About this task |
The entries below contain pictures, which are to be left out; write out exactly, and only, the lines from the line with "Add a touch" up to and including the line with "Detta är en".

Given entries |
········
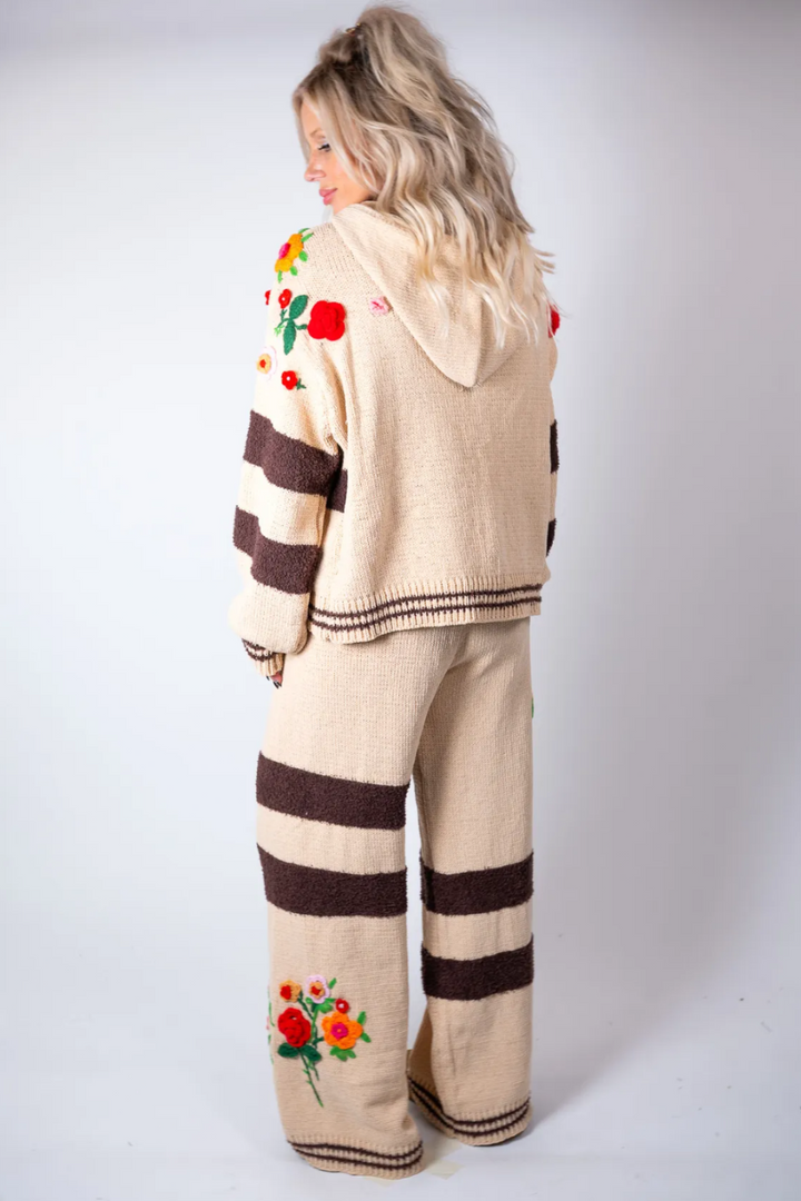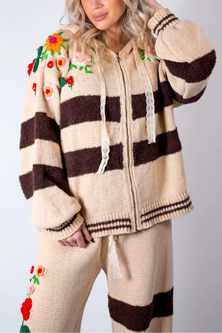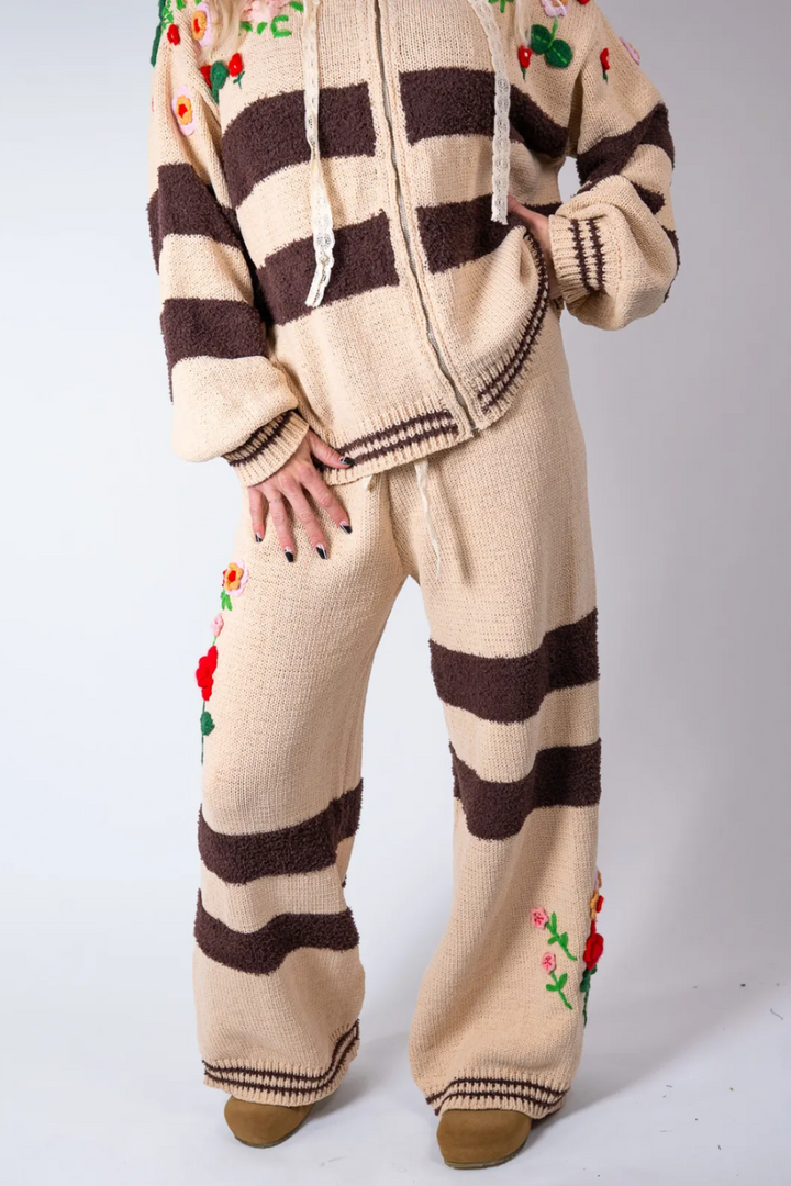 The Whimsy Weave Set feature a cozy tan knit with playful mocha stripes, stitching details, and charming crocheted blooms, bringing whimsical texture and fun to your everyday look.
········
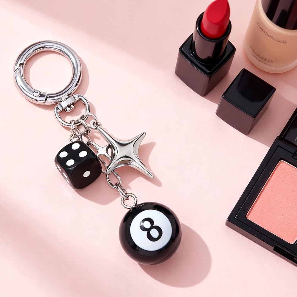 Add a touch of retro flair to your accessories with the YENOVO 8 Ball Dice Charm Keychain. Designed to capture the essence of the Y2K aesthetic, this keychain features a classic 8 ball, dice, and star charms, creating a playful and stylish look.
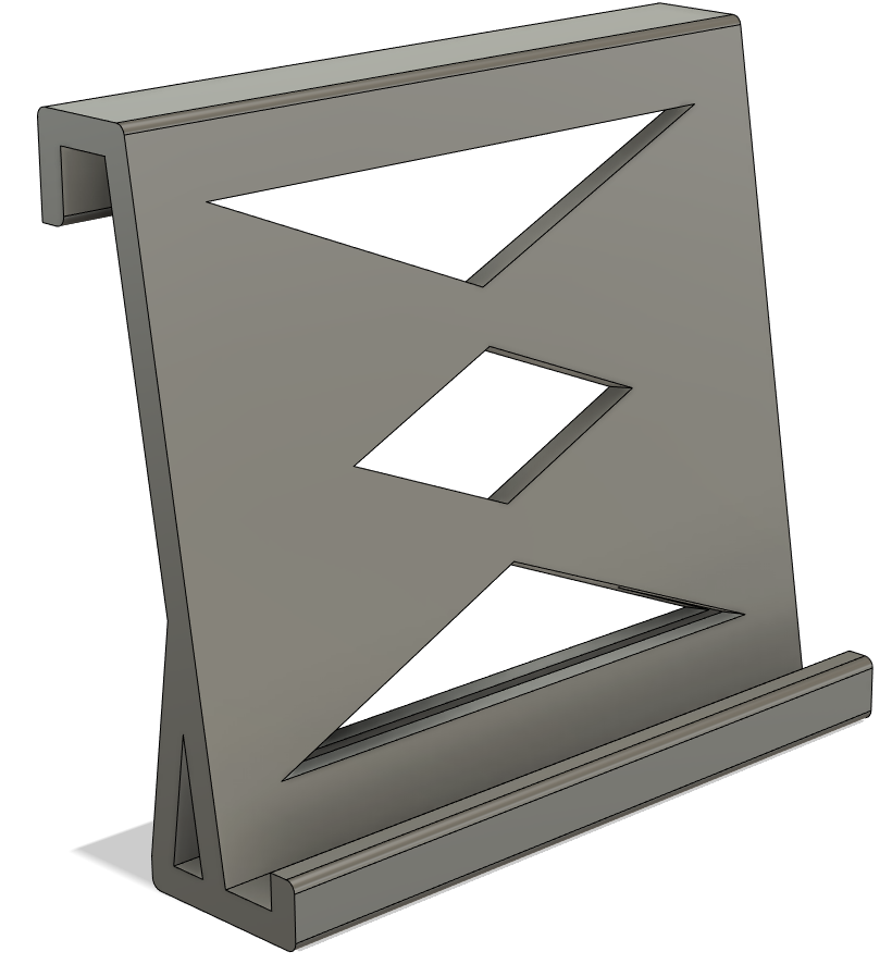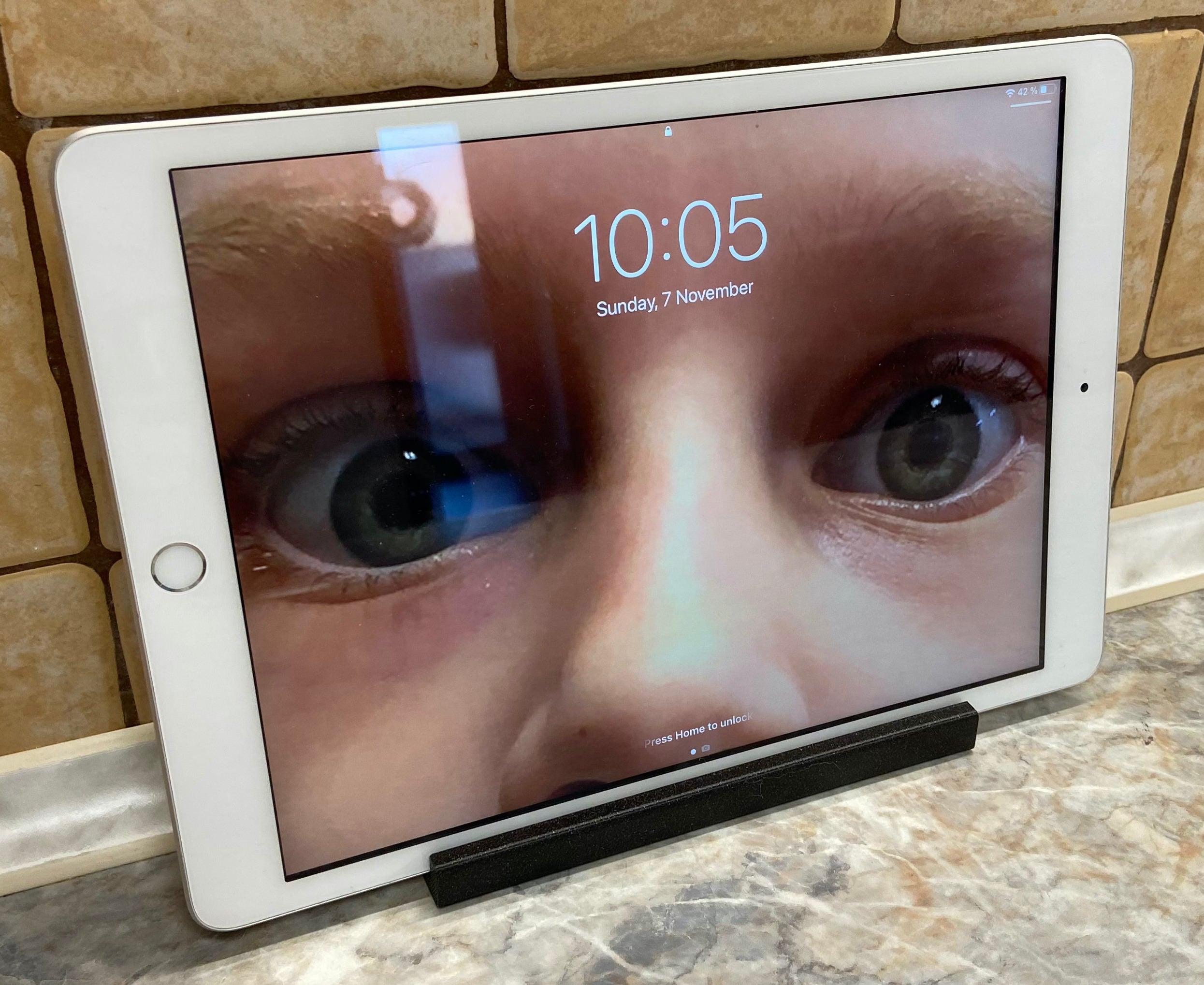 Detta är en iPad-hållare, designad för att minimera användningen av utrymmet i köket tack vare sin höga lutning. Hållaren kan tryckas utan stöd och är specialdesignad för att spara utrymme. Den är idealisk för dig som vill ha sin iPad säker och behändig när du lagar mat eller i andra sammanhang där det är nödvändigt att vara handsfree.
········
Answer to this exercise |
 Add a touch of retro flair to your accessories with the YENOVO 8 Ball Dice Charm Keychain. Designed to capture the essence of the Y2K aesthetic, this keychain features a classic 8 ball, dice, and star charms, creating a playful and stylish look.
 Detta är en iPad-hållare, designad för att minimera användningen av utrymmet i köket tack vare sin höga lutning. Hållaren kan tryckas utan stöd och är specialdesignad för att spara utrymme. Den är idealisk för dig som vill ha sin iPad säker och behändig när du lagar mat eller i andra sammanhang där det är nödvändigt att vara handsfree.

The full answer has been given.